CRM Migration Timeline Benchmarks: What the Data from Real Bitrix24 Projects Shows

Published: Β· Updated: Β· 11 min read Β· By: ACP Group Bitrix24 team

Based on our project archive of 1,300+ Bitrix24 implementations, a standard CRM migration takes between 2 weeks and 39 working days depending on data volume, number of integrations, and whether custom automation needs to be rebuilt from scratch.

How Long Does a CRM Migration Actually Take?

Based on our project archive of 1,300+ Bitrix24 projects, total migration timelines range from roughly 2 weeks for a straightforward tool-assisted switch (e.g., a small AMO CRM account with standard data) up to 39 working days for a full-cycle migration that includes custom script development, business-process rebuild, UAT, and go-live monitoring.

That range sounds wide, but it reflects a real and predictable set of variables. The key insight: the data transfer step itself is rarely the bottleneck. What extends timelines is the work that surrounds it β€” auditing what you actually have, rebuilding the target structure correctly, re-connecting integrations, and getting users to sign off.

Below we break down where the time goes, phase by phase, with benchmark ranges drawn from our internal project records.


The Six Phases of a Bitrix24 Migration β€” and Their Time Ranges

A properly structured Bitrix24 migration always passes through six distinct phases; based on project documentation, their combined working-day totals consistently fall between 29 and 45 working days for mid-complexity engagements.

The table below shows the phase-by-phase breakdown observed across our project archive. "Working days" means billable consultant days, not calendar weeks with idle time factored in.

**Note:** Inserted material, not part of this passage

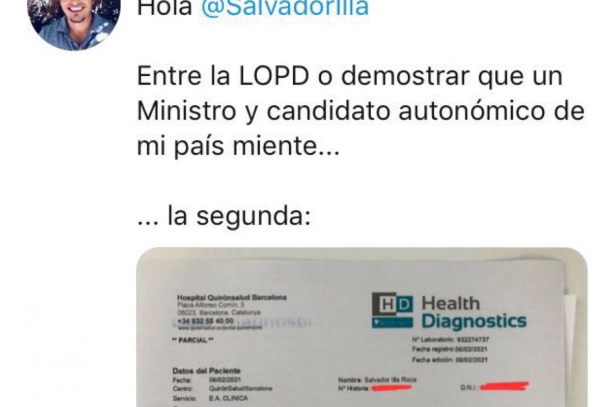 Difundió un supuesto positivo de Salvador Illa, candidato socialista a las catalanas. La clínica ha dicho que es falso.

Phase What Happens Typical Duration
1. Data Audit & Inventory Map users, CRM entities (contacts, companies, deals, smart processes), infoblock structures, and event timeline data 4–6 working days
2. Target Environment Setup Create org structure, custom fields, CRM funnels, infoblock skeletons, base permissions 4–6 working days
3. Migration Script Development Design CLI script architecture; write and debug scripts for users β†’ structure β†’ infoblocks β†’ CRM β†’ timeline; test on a DB copy 8–14 working days
4. Data Transfer (Live Run) Set old portal to read-only; run scripts sequentially; verify record counts and referential integrity; produce transfer report 4–6 working days
5. Business Process & Automation Rebuild Rebuild CRM robots, triggers, notifications, approvals; scenario testing 6–10 working days
6. Testing, UAT & Go-Live Full system test, user acceptance testing, DNS switch, post-release monitoring, project handover 5–7 working days
Total 31–49 working days

Methodology note: Ranges above are derived from actual work plans in our project archive. Projects using a tool-assisted migrator (e.g., the standard AMOβ†’Bitrix24 migration app) may complete in 2–3 weeks by compressing phases 3 and 4. Projects requiring custom API mini-applications for non-standard data imports fall at the upper end or beyond.

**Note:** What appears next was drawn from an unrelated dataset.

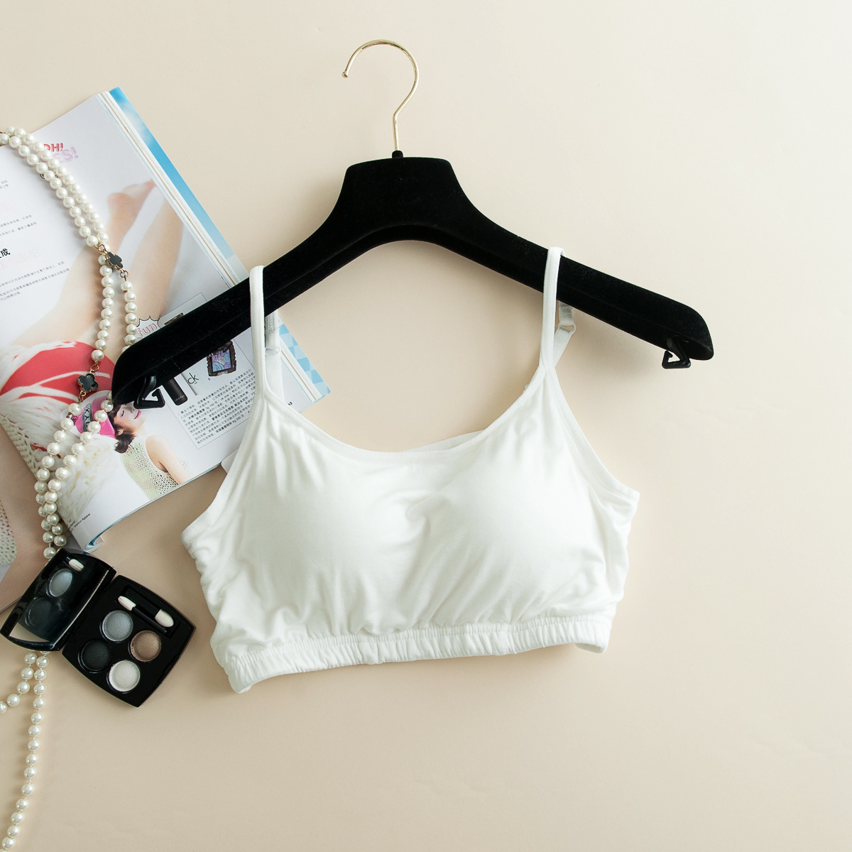 带胸垫可调节圆领小吊带

Migration Benchmarks by Scenario Type

The single biggest driver of timeline variance is the migration type: tool-assisted switches between cloud CRMs take 2–4 weeks, whereas Bitrix24-to-Bitrix24 portal migrations with custom scripting regularly run 6–8 weeks end-to-end.

The diagram below shows how data flows through the migration pipeline β€” from audit through to user go-live.

The diagram illustrates the six-phase migration pipeline: the source system feeds into an audit and inventory stage, which informs both target environment setup and script development; scripts then run the live data transfer into the new Bitrix24 portal, after which business processes are rebuilt and the system undergoes testing before users cut over.

flowchart TD
    SRC[Source CRM / Old Portal] --> A[Phase 1: Audit & Inventory]
    A --> B[Phase 2: Target Setup]
    A --> C[Phase 3: Script Development]
    B --> D[Phase 4: Live Data Transfer]
    C --> D
    D --> E[Phase 5: Automation Rebuild]
    E --> F[Phase 6: Testing, UAT & Go-Live]
    F --> USR[Users Working in New Portal]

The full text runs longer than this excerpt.